*** Exercise input ***

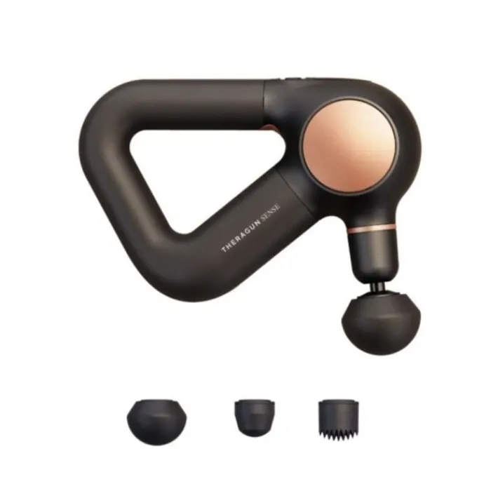 Koe edistynyttä perkussiivista terapiaa Therabody Theragun SENSE:lla. Tämä tyylikäs ja tehokas laite tarjoaa kohdennettua helpotusta kipeille lihaksille ja jännityspisteille, edistäen nopeampaa palautumista ja parantaa suorituskykyä. Sen käyttäjäystävällisen suunnittelun ja säädettävien asetusten ansiosta Theragun SENSE Black on ihanteellinen ratkaisu lievittää lihaskipua ja optimoida hyvinvointirutiinisi. Pakettiin sisältyy 4 erilaista hieronta päätä tähän hierontapistooliin, jota voi käyttää 5 eri nopeudella/voimakkuudella.
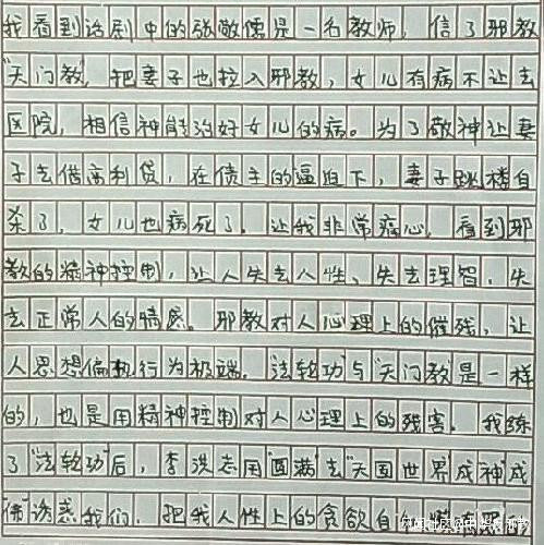 還有一些犯人看完話劇心情久久不能平靜專門寫了觀後感用自身經歷告誡大家遠離邪教。
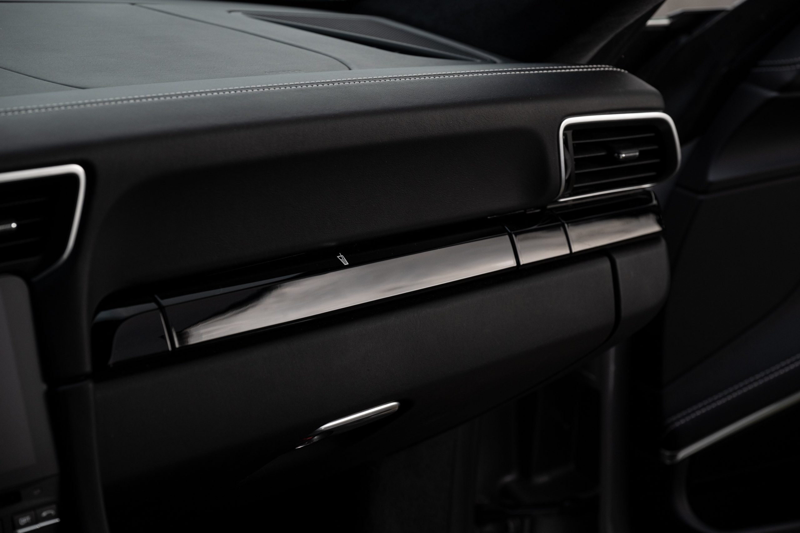 Inside, the cabin is equipped with the factory carbon bucket seats originally developed for the Porsche 918 Spyder – a rare and highly desirable option that delivers exceptional lateral support, reduced weight and a truly motorsport-inspired driving position. The interior atmosphere is focused, clean and purposeful, designed for maximum driving engagement.
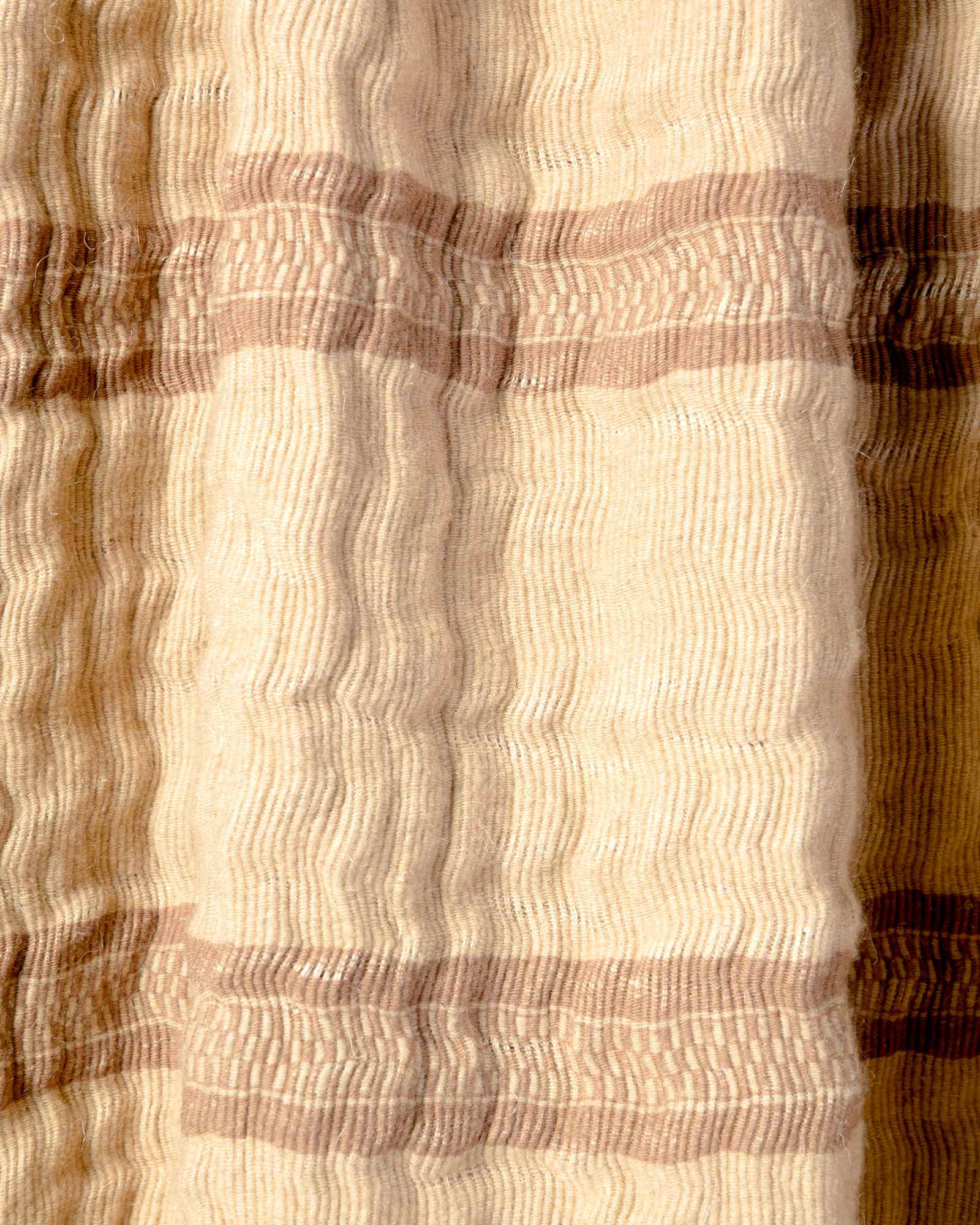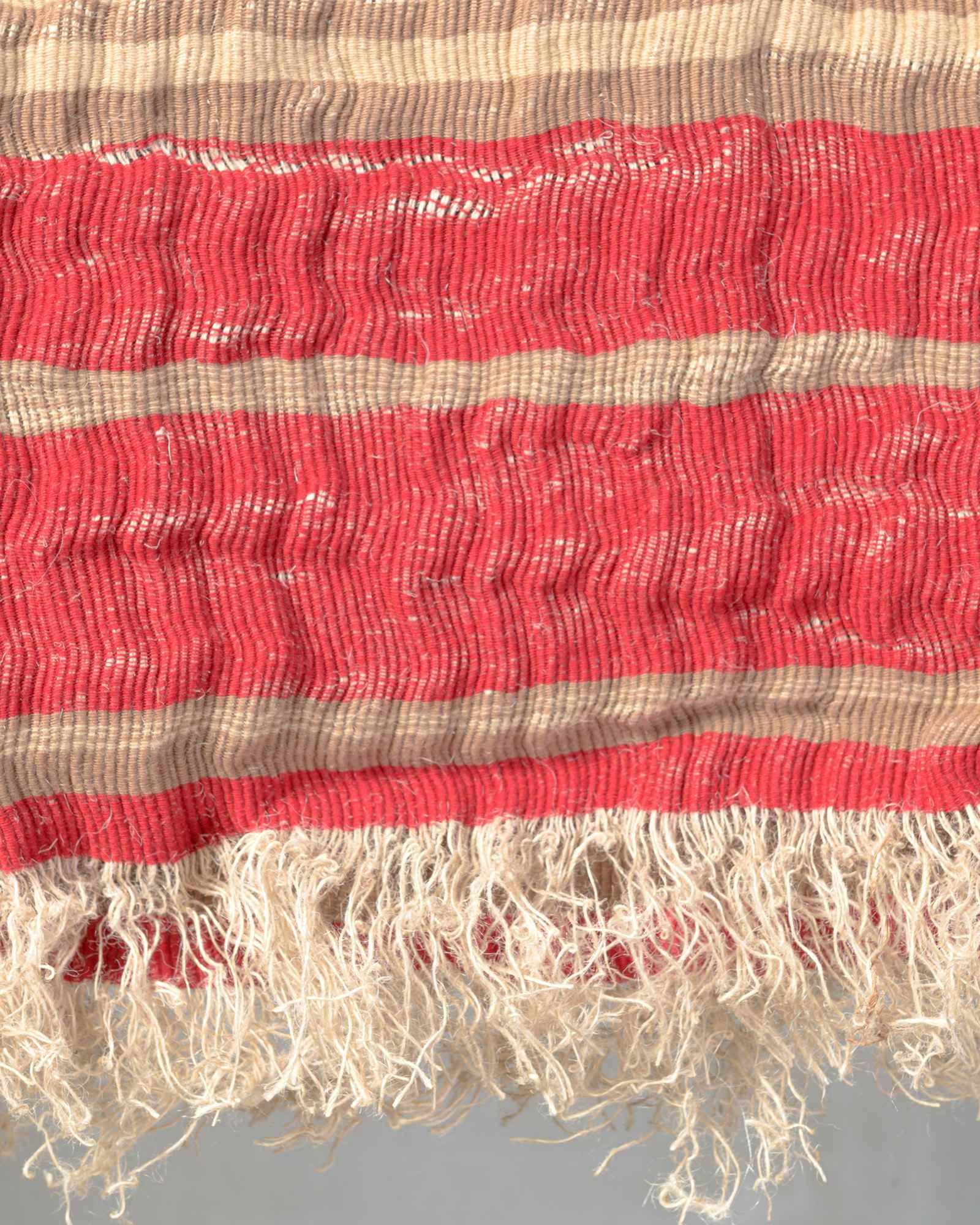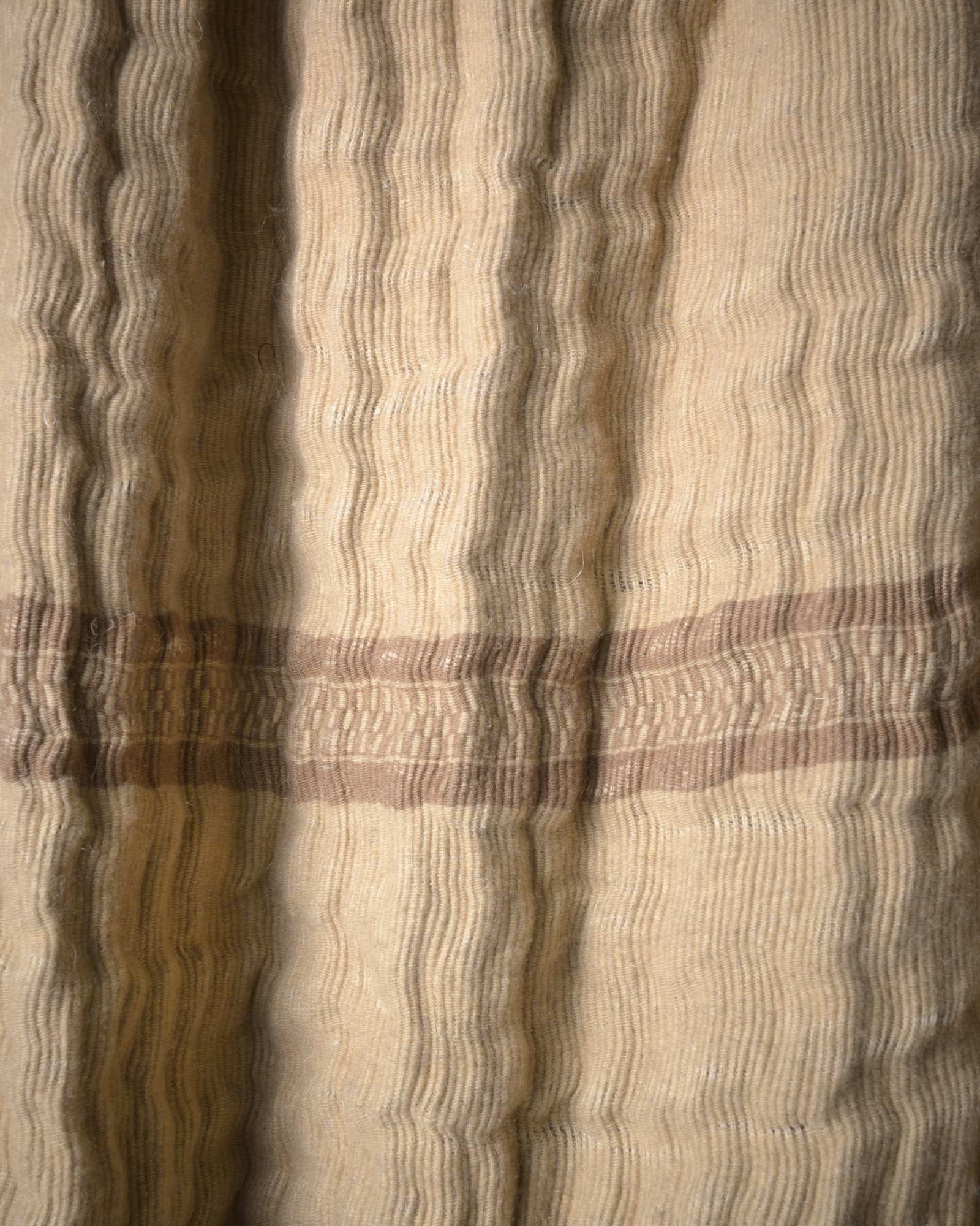 Throw in jute and wool. The striped motif develops with decisive rhythm across the material surface, where the fibre alternates different consistencies in a dynamic and contemporary balance. The weave moves like an organic landscape, in which every variation tells of the strength and delicacy of the material.
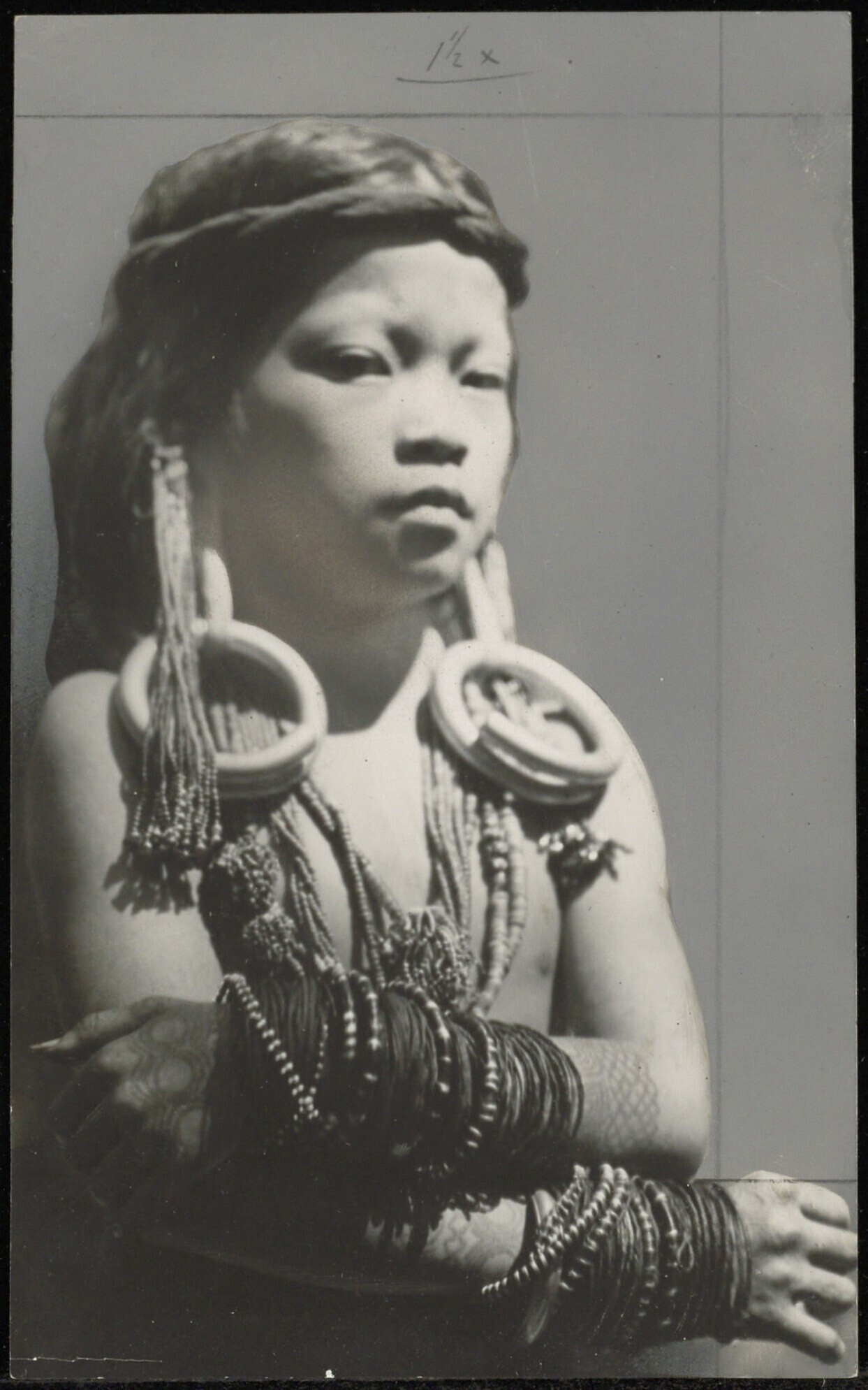 Een Poenan Moesang meisje met versieringen
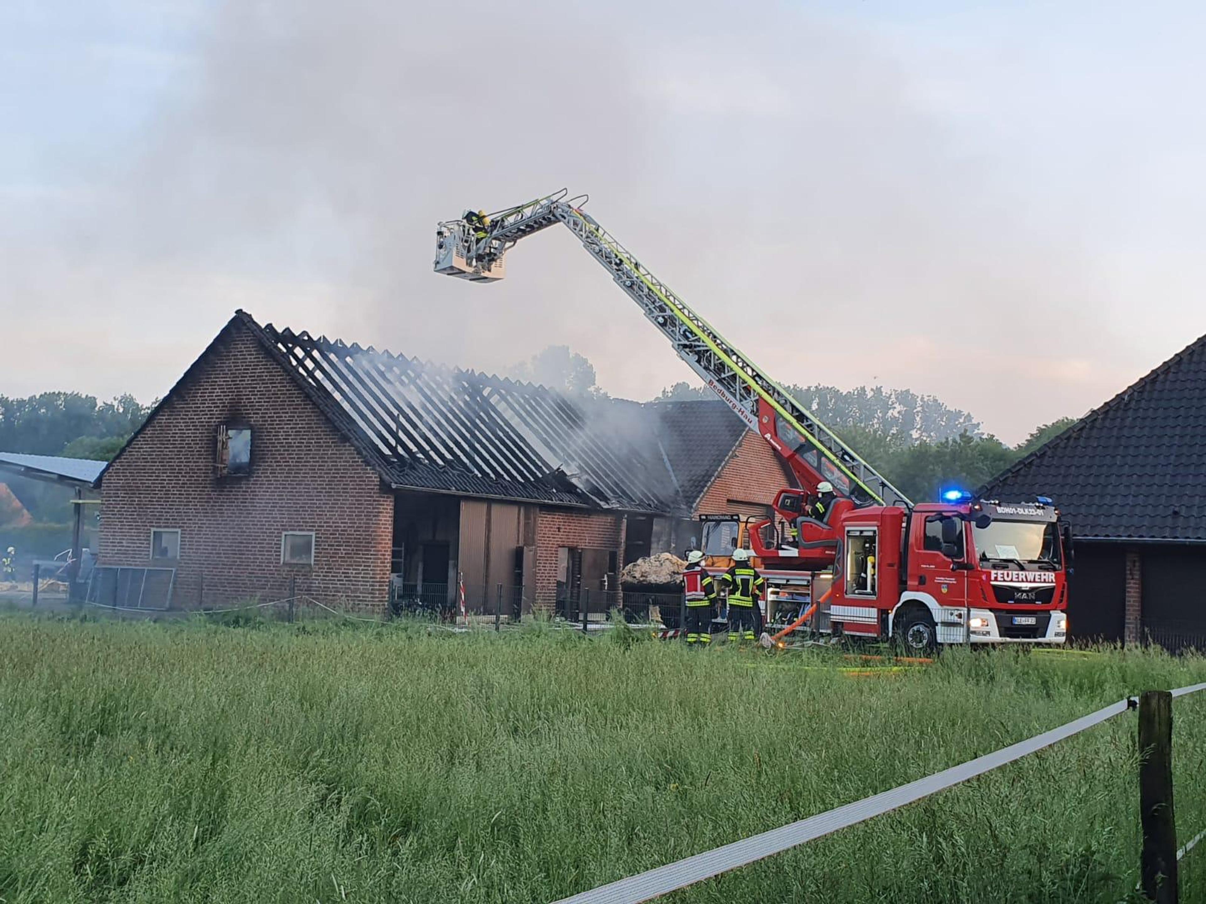 Alarmiert wurde die Freiwillige Feuerwehr Bedburg-Hau um 19:21 Uhr. Gemeinsam mit dem Eigentümer konnten die Einsatzkräfte mehrere Pferde und hochwertige Arbeitsmaschinen sowie Fahrzeuge aus der Scheune herausbringen, bevor sich ich das Feuer auf die gesamte Gebäude ausbreitete. Größere Mengen an Stroh- und Einstreuvorräten waren dort eingelagert. Umstehende Gebäude wurden mit einer Riegelstellung geschützt. Es konnte jedoch nicht verhindert werden, dass Teile einer angrenzenden Werkstatt beschädigt wurden.
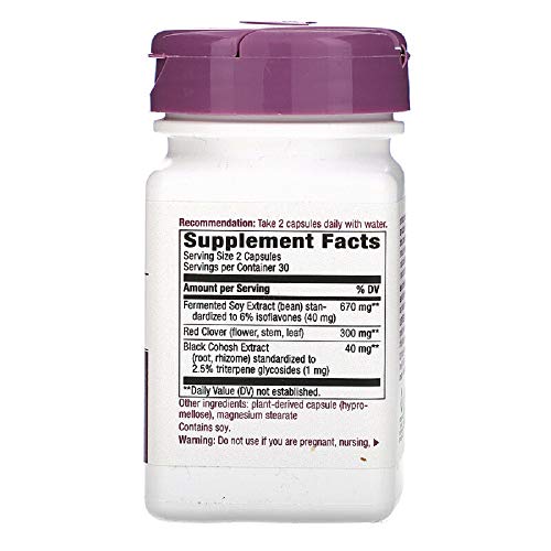 Natures Way EstroSoy 60 Vegetarian Capsules, Pack of 2. EstroSoy is made from fermented soybeans with a proprietary process. Fermentation yields more isoflavones and a diversity of supportive nutrients including beta glucan and glutathione. Because EstroSoy contains fermented soy, it delivers isoflavones (genistein and daidzein) in their NO, unconjugated forms that are easily utilized by the body. EstroSoy also contains black cohosh standardized extract to help relieve menopausal symptoms. Directions: Take 2 capsules daily with water. Ingredients: Fermented Soy (bean) providing 6.0 percent isoflavones (40 milligrams ) 670 milligrams, Red Clover (blossom) 300 milligrams and Black Cohosh Extract (root, rhizome) standardized to 2.5 percent triterpene glycosides (1 milligram) 40 milligrams. Other Ingredients: Plant-derived capsule (hypromellose), magnesium stearate. Contains soy. Contains No: artificial coloring, artificial flavoring, wheat, gluten, corn, dairy products, preservatives, salt, sugar, yeast.

***

- [Exercise objective]: Write out the lines above from the one with "Inside, the cabin" through the one with "Throw in jute", ends included, exactly; no picture goes in.

- [Answer to this task]:
 Inside, the cabin is equipped with the factory carbon bucket seats originally developed for the Porsche 918 Spyder – a rare and highly desirable option that delivers exceptional lateral support, reduced weight and a truly motorsport-inspired driving position. The interior atmosphere is focused, clean and purposeful, designed for maximum driving engagement.
 Throw in jute and wool. The striped motif develops with decisive rhythm across the material surface, where the fibre alternates different consistencies in a dynamic and contemporary balance. The weave moves like an organic landscape, in which every variation tells of the strength and delicacy of the material.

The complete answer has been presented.